Title: Computer Vision with a Billion Eyes
Abstract: A recent trend in computer vision is driven by images and video generated by heterogeneous and multi-perspective visual sensing networks. We present a few examples of research along this line. First, we will present an interesting framework for event recognition. Semantic event recognition based only unconstrained still images available on the Internet or in personal repositories is a challenging problem. With GPS information, we obtain satellite images corresponding to picture locations and investigate their novel use to recognize the picture-taking environment. We then combine this inference with classical vision-based event detection methods and demonstrate the synergistic fusion of the two approaches. However, the current GPS data only identifies the camera location, leaving the viewing direction uncertain. Second, to determine the viewing direction for geotagged photos, we utilize both Google StreetView and Google Earth satellite images: 1) visual matching between a user photo and any available street views in the vicinity determine the viewing direction, and 2) when only an overhead satellite view is available, near-orthogonal view matching between the user photo and satellite imagery computes the viewing direction. Third, we explore using phone-captured images for localization as it contains more context information than the embedded sensory GPS coordinates. The proposed approach is able to provide a comprehensive set of accurate geo-context based on the current image and its associated sensory GPS location. The geo-context includes the real location of mobile user and scene, the viewing angle, and the distance between the user and scene. We then take advantage of the aforementioned techniques to build applications to enable people to enjoy ubiquitous location-based services (LBS) using their phones. including: 1) accurate augmented reality, 2) collaborative localization for rendezvous routing, and 3) routing for photography. Fourth, we leverage crowd-sourced photos to remove unwanted bystanders from tourist photos taken at popular attractions and measure air pollution in major cities in China. Furthermore, given a new source of visual data from public webcams deployed in urban environments, we will present some ongoing work on crowd analytics using such data.

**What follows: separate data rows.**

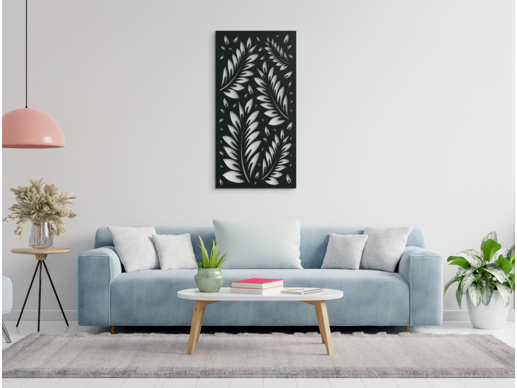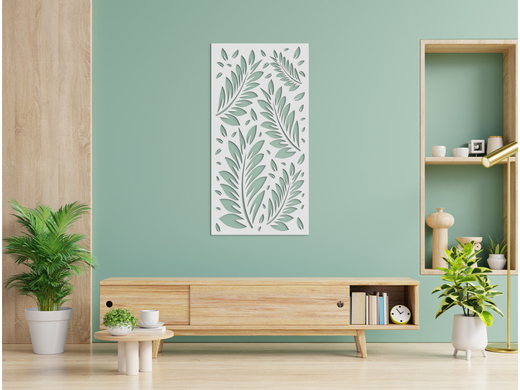 Das ausgeschnittene Bild BLÄTTER IM WIND bietet zarte Linien und präzise ausgearbeitete Details. Dank des einfachen Designs können Sie es ganz leicht an die Möbel und andere Dekorationen anpassen. Das Bild eignet sich für moderne Räume, Flure und Büros.
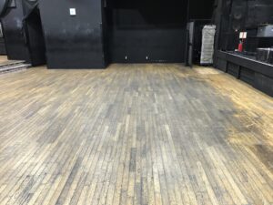 このシステムでは、木を素地まで研磨するので、素地まで染み込んだ汚れだけでなく、フロア上の装飾などもすべて消えます。
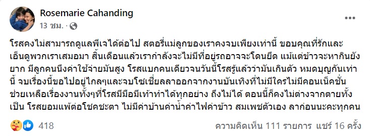 ล่าสุด (31 ธันวาคม 2564) โรสแมรี่ คาฮันดิง มีการโพสต์ข้อความผ่านทางเฟซบุ๊กอย่างน่าเป็นห่วงอีกครั้ง โดยเผยว่า ตนคงไม่สามารถดูแลลูกชาย น้องพีเจ ได้ต่อไป เรื่องราวแม่ลูกคงจบเพียงเท่านี้ สิ้นเดือนแล้วกำลังจะไม่มีที่อยู่ รถอาจจะโดนยึด แม้แต่ข้าวจะหากินยังยาก ยอมรับว่ามีลูกคนหนึ่งค่าใช้จ่ายมันสูง ตนแบกคนเดียวจนวันนี้ รู้แล้วว่ามันเกินตัว หมดบุญกันเท่านี้

Speaker: Jiebo Luo is a professor of Computer Science at the University of Rochester. Prior to joining Rochester in Fall 2011, he was a Senior Principal Scientist with the Kodak Research Laboratories. His research interests include image processing, computer vision, machine learning, social media data mining, medical imaging, and pervasive computing. Dr. Luo has authored over 200 technical papers and holds over 70 US patents. Dr. Luo has been actively involved in numerous technical conferences, including serving as the general chair of ACM CIVR 2008 and ACM Multimedia 2018, program co-chair of ACM Multimedia 2010, IEEE CVPR 2012 and IEEE ICIP 2017, area chair of IEEE ICASSP 2009-2012, ICIP 2008-2012, CVPR 2008 and ICCV 2011, and an organizer of ICME 2006/2008/2010 and ICIP 2002. Currently, he serves on several IEEE SPS Technical Committees (IMDSP, MMSP, and MLSP) and conference steering committees (ACM ICMR and IEEE ICME). He is the Editor-in-Chief of the Journal of Multimedia, and has served on the editorial boards of the IEEE Transactions on Pattern Analysis and Machine Intelligence (TPAMI), the IEEE Transactions on Multimedia (TMM), the IEEE Transactions onCircuits and Systems for Video Technology (TCSVT), Pattern Recognition (PR), Machine Vision and Applications (MVA), and Journal of Electronic Imaging (JEI). He is a Fellow of the SPIE, IEEE and IAPR.